If you want to associate a value with an index and find the index quickly you can use std::map
or std::unordered_map
. You can also combine these with other data structures (e.g. a std::list
or std::vector
) depending on the other operations you want to perform on the data.
For example, when creating the vector we also create a lookup table:
vector<int> test(test_size);
unordered_map<int, size_t> lookup;
int value = 0;
for(size_t index = 0; index < test_size; ++index)
{
test[index] = value;
lookup[value] = index;
value += rand()%100+1;
}
Now to look up the index you simply:
size_t index = lookup[find_value];
Using a hash table based data structure (e.g. the unordered_map) is a fairly classical space/time tradeoff and can outperform doing a binary search for this sort of "reverse" lookup operation when you need to do a lot of lookups. The other advantage is that it also works when the vector is unsorted.
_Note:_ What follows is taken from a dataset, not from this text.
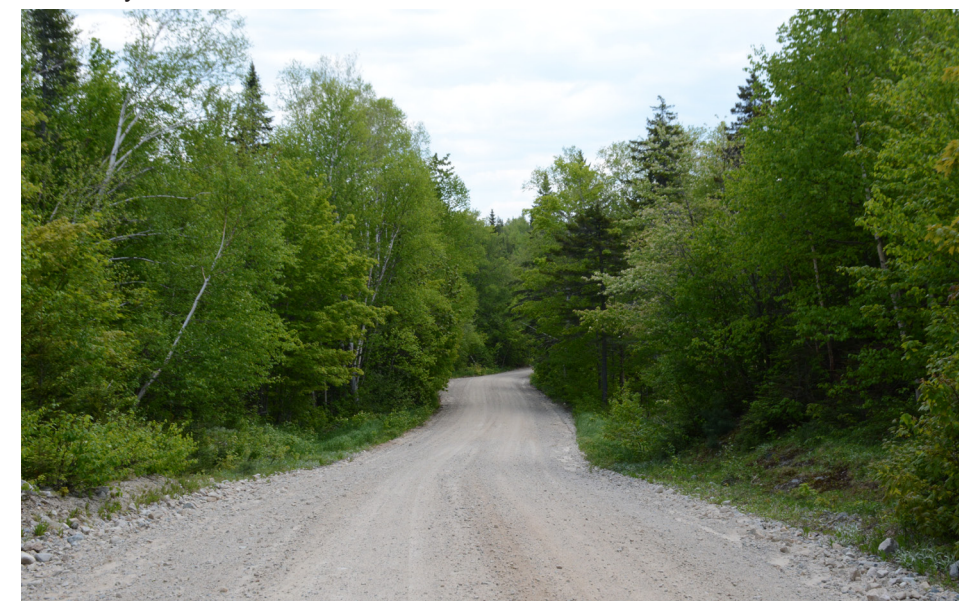
P1-20: View looking south toward the proposed HVDC Transmission line crossing on Spencer Road east of access road to No. 5 Mountain.

For fun :-) I've done a quick benchmark in VS2012RC comparing James' binary search code with a linear search and with using unordered_map for lookup, all on a vector:

To ~50000 elements unordered_set significantly (x3-4) outpeforms the binary search which is exhibiting the expected O(log N) behavior, the somewhat surprising result is that unordered_map loses it's O(1) behavior past 10000 elements, presumably due to hash collisions, perhaps an implementation issue.
EDIT: max_load_factor() for the unordered map is 1 so there should be no collisions. The difference in performance between the binary search and the hash table for very large vectors appears to be caching related and varies depending on the lookup pattern in the benchmark.
Choosing between std::map and std::unordered_map talks about the difference between ordered and unordered maps.